→ **PROBLEM DETAILS**
Print the records below exactly, from the line containing "아래의 표는 OECD" down to the line containing "今回のクイズでは「放射線治療", both lines included, and omit every picture.

→ **DATA LISTING**

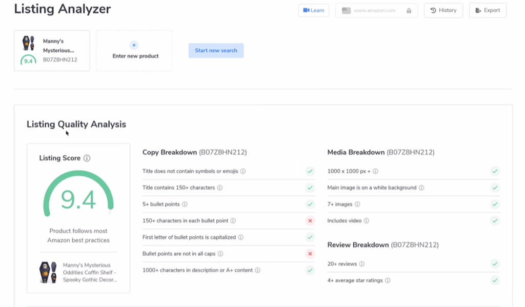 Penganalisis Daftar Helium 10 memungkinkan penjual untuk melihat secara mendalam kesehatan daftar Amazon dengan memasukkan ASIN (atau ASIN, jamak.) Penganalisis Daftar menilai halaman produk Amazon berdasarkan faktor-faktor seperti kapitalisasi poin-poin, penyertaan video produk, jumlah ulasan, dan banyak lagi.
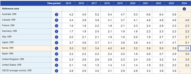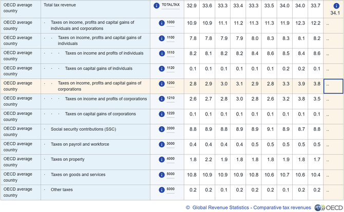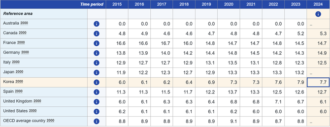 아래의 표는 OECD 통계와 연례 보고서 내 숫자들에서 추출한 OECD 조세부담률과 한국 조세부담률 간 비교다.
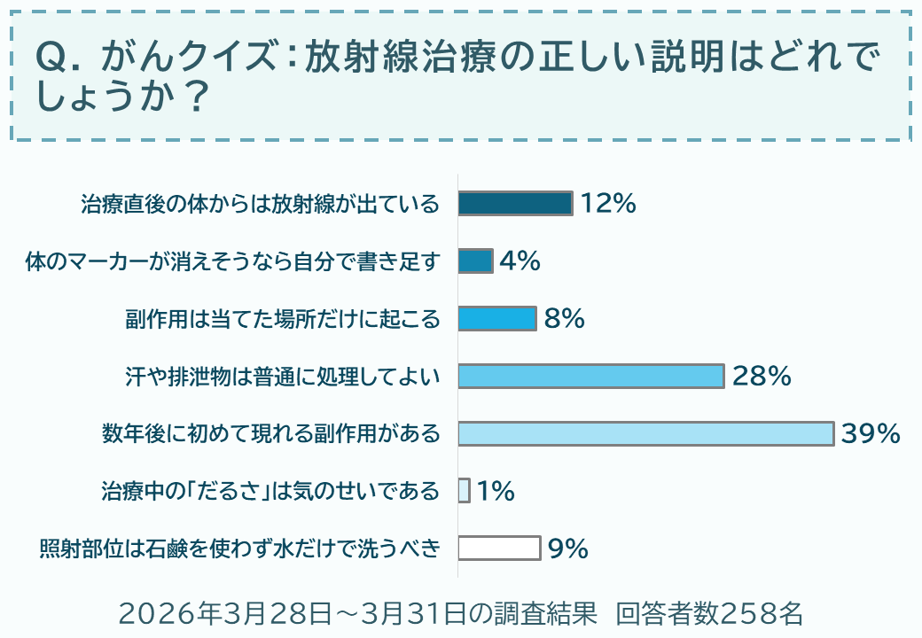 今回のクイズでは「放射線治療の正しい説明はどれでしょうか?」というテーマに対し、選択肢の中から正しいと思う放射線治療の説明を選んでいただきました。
---
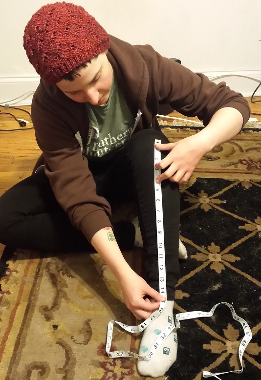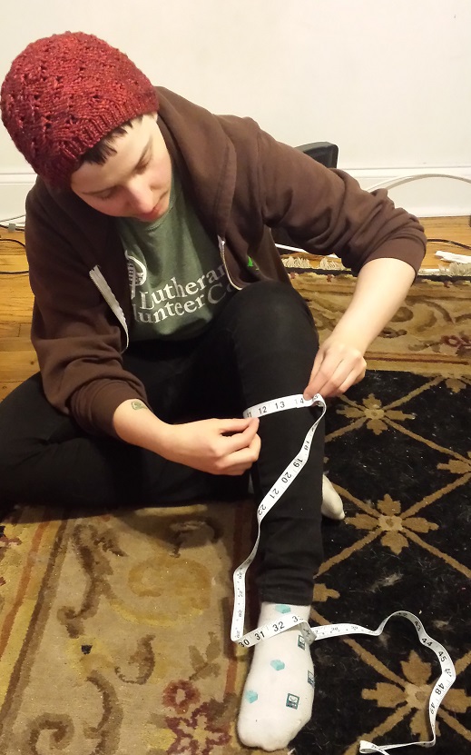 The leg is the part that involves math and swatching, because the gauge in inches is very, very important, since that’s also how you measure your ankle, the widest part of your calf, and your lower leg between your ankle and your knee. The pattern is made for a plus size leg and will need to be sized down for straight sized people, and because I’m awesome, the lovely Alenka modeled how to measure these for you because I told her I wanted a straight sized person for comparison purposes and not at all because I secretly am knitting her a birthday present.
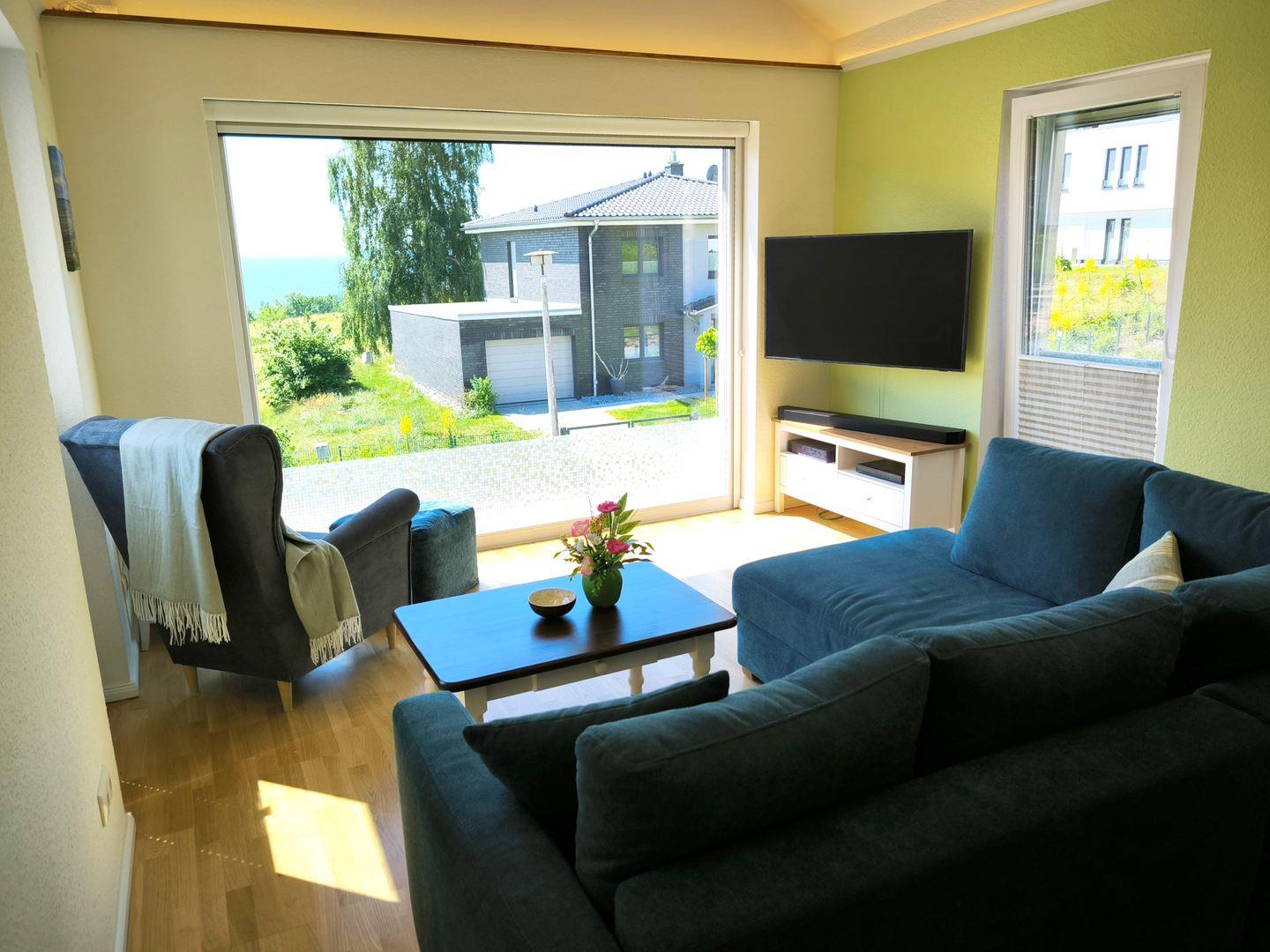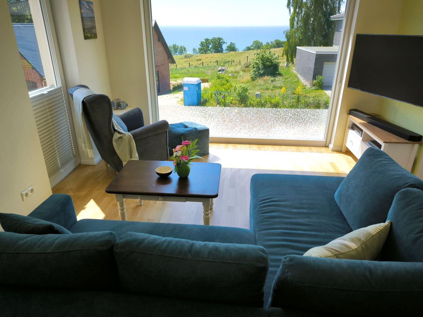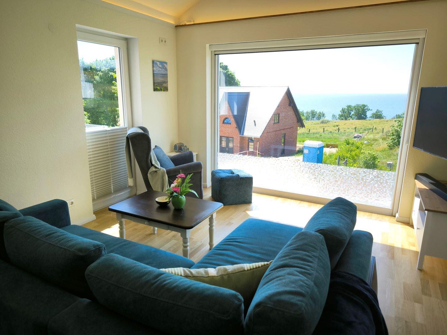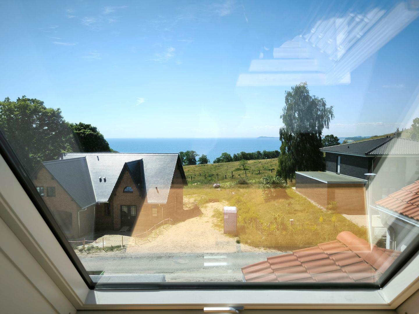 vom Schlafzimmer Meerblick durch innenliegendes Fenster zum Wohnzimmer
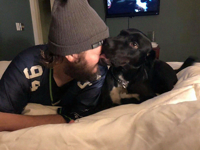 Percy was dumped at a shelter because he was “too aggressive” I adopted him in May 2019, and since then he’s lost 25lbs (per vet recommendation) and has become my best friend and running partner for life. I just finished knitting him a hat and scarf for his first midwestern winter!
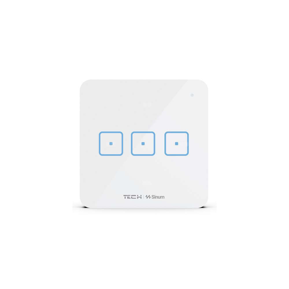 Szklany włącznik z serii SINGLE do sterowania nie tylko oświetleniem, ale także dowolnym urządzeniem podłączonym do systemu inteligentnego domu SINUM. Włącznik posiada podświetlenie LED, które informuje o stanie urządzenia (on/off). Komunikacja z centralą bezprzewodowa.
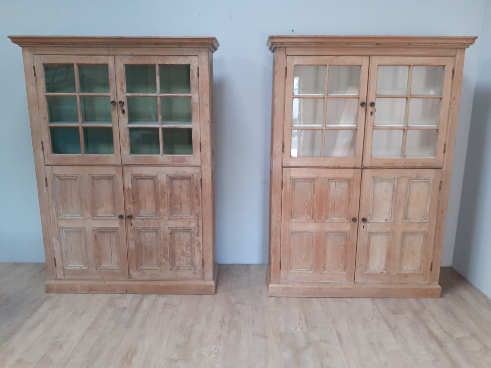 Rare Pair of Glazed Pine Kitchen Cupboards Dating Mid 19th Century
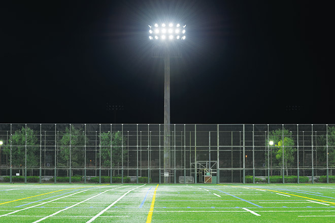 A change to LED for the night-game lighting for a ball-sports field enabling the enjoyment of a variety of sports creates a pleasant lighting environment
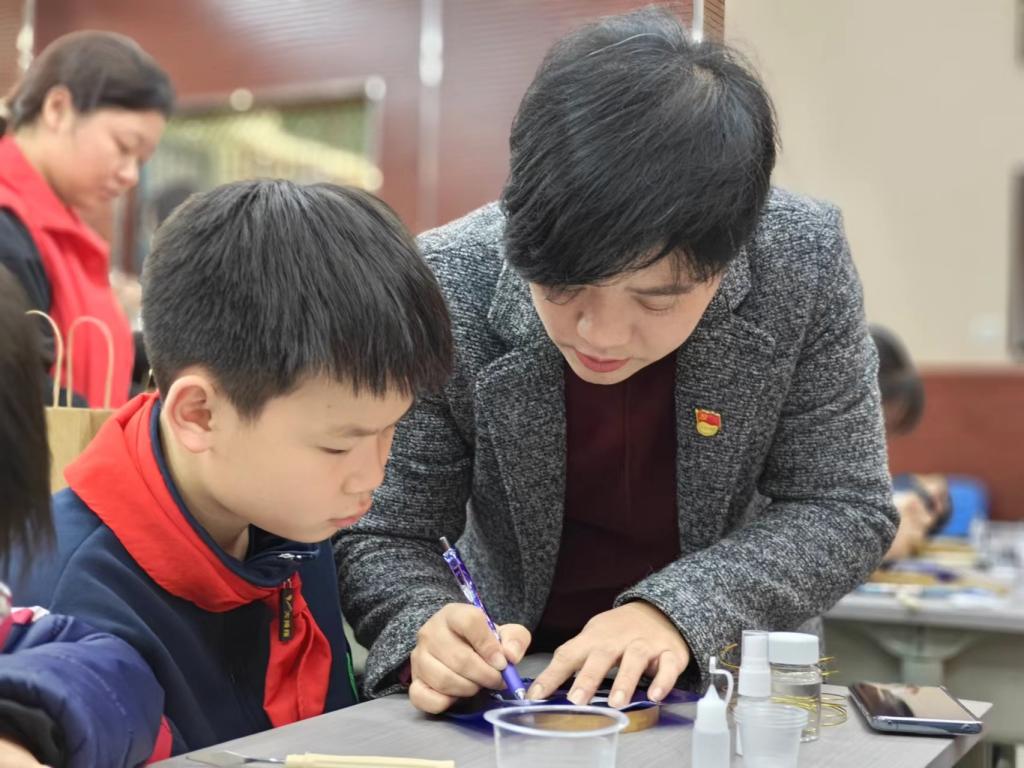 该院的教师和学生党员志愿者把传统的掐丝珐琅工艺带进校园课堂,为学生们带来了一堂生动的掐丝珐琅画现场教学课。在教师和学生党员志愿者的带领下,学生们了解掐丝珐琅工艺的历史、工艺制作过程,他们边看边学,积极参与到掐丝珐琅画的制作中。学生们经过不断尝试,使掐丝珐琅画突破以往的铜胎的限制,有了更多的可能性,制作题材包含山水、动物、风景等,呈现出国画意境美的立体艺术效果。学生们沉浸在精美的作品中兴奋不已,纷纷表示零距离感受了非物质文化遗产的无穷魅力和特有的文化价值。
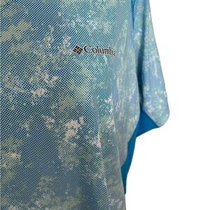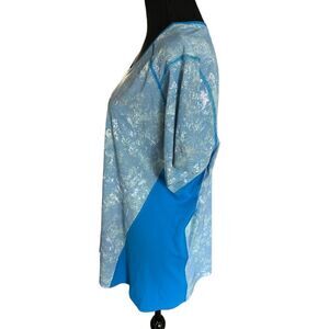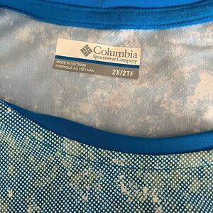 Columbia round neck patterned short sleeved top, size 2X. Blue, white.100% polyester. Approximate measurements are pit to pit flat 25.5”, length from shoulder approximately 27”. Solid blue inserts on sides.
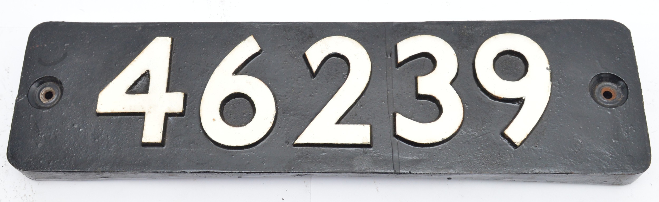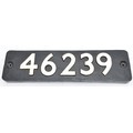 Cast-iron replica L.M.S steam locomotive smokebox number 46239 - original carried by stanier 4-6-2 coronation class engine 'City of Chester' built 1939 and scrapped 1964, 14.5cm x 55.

→ **WRITTEN REPLY**
 아래의 표는 OECD 통계와 연례 보고서 내 숫자들에서 추출한 OECD 조세부담률과 한국 조세부담률 간 비교다.
 今回のクイズでは「放射線治療の正しい説明はどれでしょうか?」というテーマに対し、選択肢の中から正しいと思う放射線治療の説明を選んでいただきました。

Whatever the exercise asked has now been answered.